# PROBLEM
Further down are entries; set down exactly and only the lines from the one with "Business team editing" up to and including the one with "Haute Monde Women", dropping each picture.

Records excerpted from a collection:
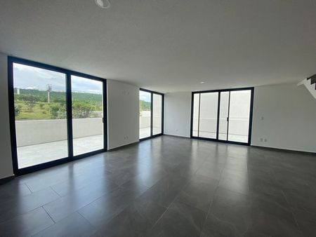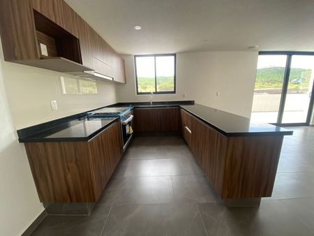 La cocina está equipada con acabados de alta calidad y una barra desayunador, perfecta para disfrutar de comidas informales. La sala-comedor cuenta con sonido ambiente, creando un espacio ideal para reuniones y momentos familiares.
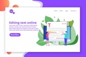 Business team editing udostępniony dokument na laptopie online. Dokument udostępniony, dostęp do folderów udostępnionych, koncepcja edycji dokumentów opartych na współpracy. Strona internetowa żywe fioletowe lądowania szablon strony internetowej.
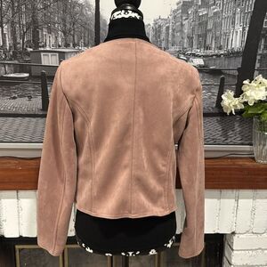 Haute Monde Women Jacket Moto Large Light Blush Pink Full Zip Stretch Faux Suede
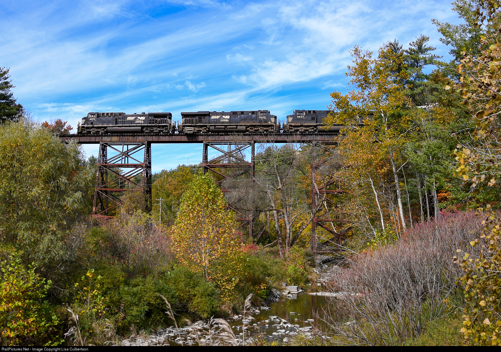 | The NS 23k rolls south across the High Bridge Trestle in Harpursville, NY. Over time, the trees have encroached on this bridge to point where this shot will probably no longer be possible within a few years. |
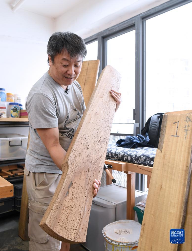 10月7日,徒弟黃良喜介紹一塊琴材。 新華社記者 陳鐸 攝
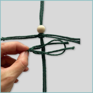 Wenn die Trägerschnur zu lang ist, kann man sie auf die Länge der zuletzt geknoteten Kordel zuschneiden.
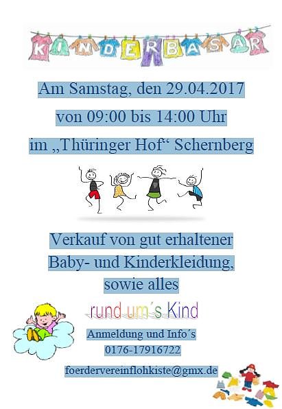 Am Samstag, den 29.04.2017 von 09:00 bis 14:00 Uhr im Thüringer Hof Schernberg findet der Verkauf von gut erhaltener Baby- und Kinderkleidung, sowie alles rund ums Kind statt.Anmeldung und Info´s 0176-17916722
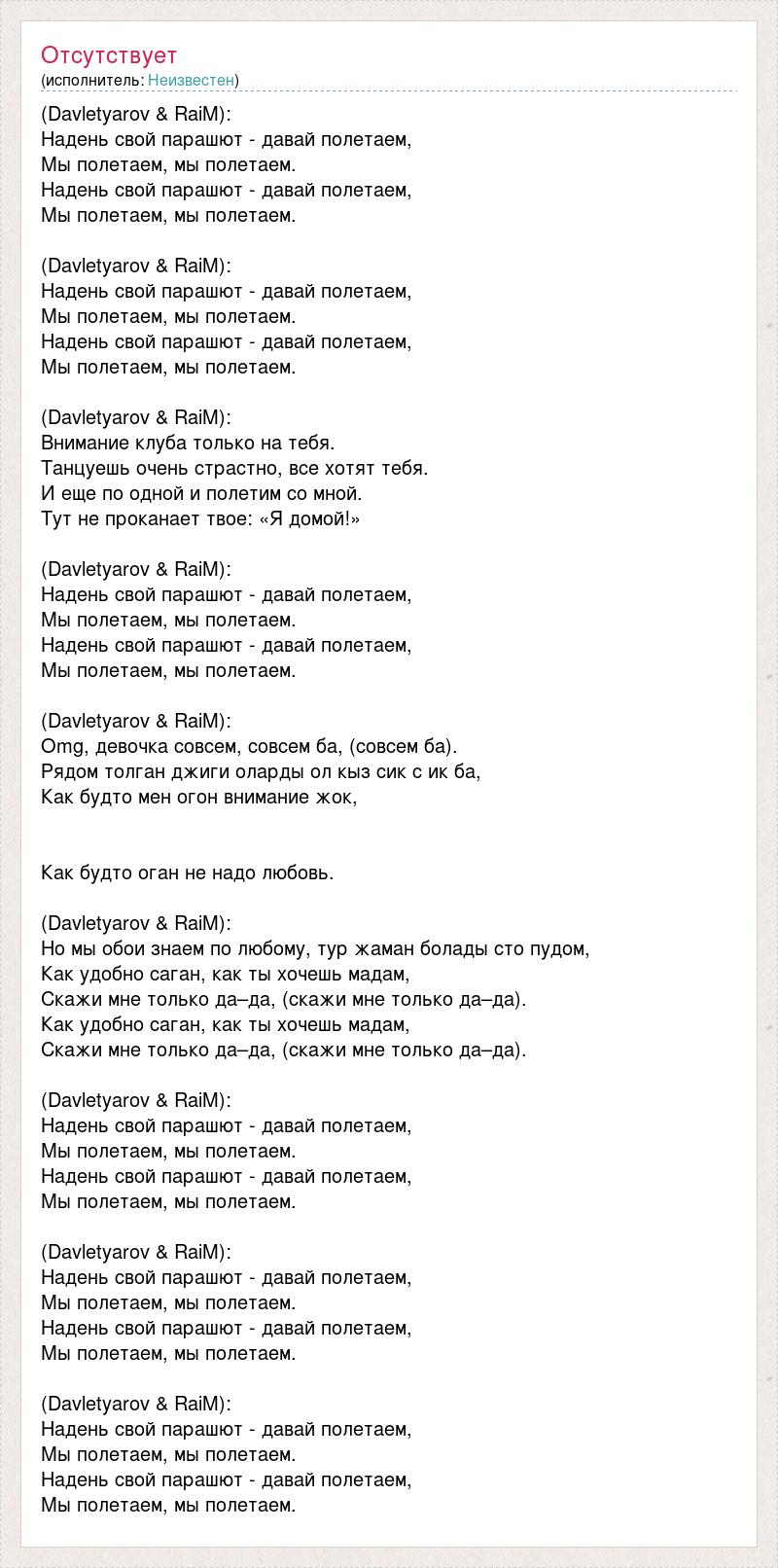 (Davletyarov & RaiM): Надень свой парашют - давай полетаем, Мы полетаем, мы полетаем. Надень свой парашют - давай полетаем, Мы полетаем, мы полетаем. (Davletyarov & RaiM): Надень свой парашют - давай полетаем, Мы полетаем, мы полетаем. Надень свой парашют - давай полетаем, Мы полетаем, мы полетаем. (Davletyarov & RaiM): Внимание клуба только на тебя. Танцуешь очень страстно, все хотят тебя. И еще по одной и полетим со мной. Тут не проканает твое: «Я домой!» (Davletyarov & RaiM): Надень свой парашют - давай полетаем, Мы полетаем, мы полетаем. Надень свой парашют - давай полетаем, Мы полетаем, мы полетаем. (Davletyarov & RaiM): Оmg, девочка совсем, совсем ба, (совсем ба). Рядом толган джиги оларды ол кыз сик с ик ба, Как будто мен огон внимание жок, Как будто оган не надо любовь. (Davletyarov & RaiM): Но мы обои знаем по любому, тур жаман болады сто пудом, Как удобно саган, как ты хочешь мадам, Скажи мне только да–да, (скажи мне только да–да). Как удобно саган, как ты хочешь мадам, Скажи мне только да–да, (скажи мне только да–да). (Davletyarov & RaiM): Надень свой парашют - давай полетаем, Мы полетаем, мы полетаем. Надень свой парашют - давай полетаем, Мы полетаем, мы полетаем. (Davletyarov & RaiM): Надень свой парашют - давай полетаем, Мы полетаем, мы полетаем. Надень свой парашют - давай полетаем, Мы полетаем, мы полетаем. (Davletyarov & RaiM): Надень свой парашют - давай полетаем, Мы полетаем, мы полетаем. Надень свой парашют - давай полетаем, Мы полетаем, мы полетаем.
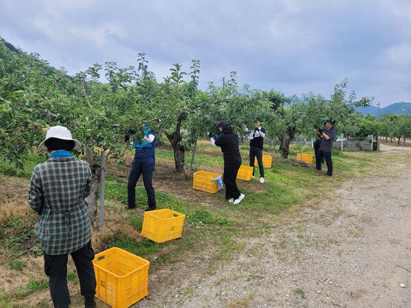 이날 활동은 일손이 부족한 사과농장을 방문해 사과열매 솎기작업과 폐자재 수거작업 등 일손돕기에 구슬땀을 흘렸다.

# WORKED SOLUTION
 Business team editing udostępniony dokument na laptopie online. Dokument udostępniony, dostęp do folderów udostępnionych, koncepcja edycji dokumentów opartych na współpracy. Strona internetowa żywe fioletowe lądowania szablon strony internetowej.
 Haute Monde Women Jacket Moto Large Light Blush Pink Full Zip Stretch Faux Suede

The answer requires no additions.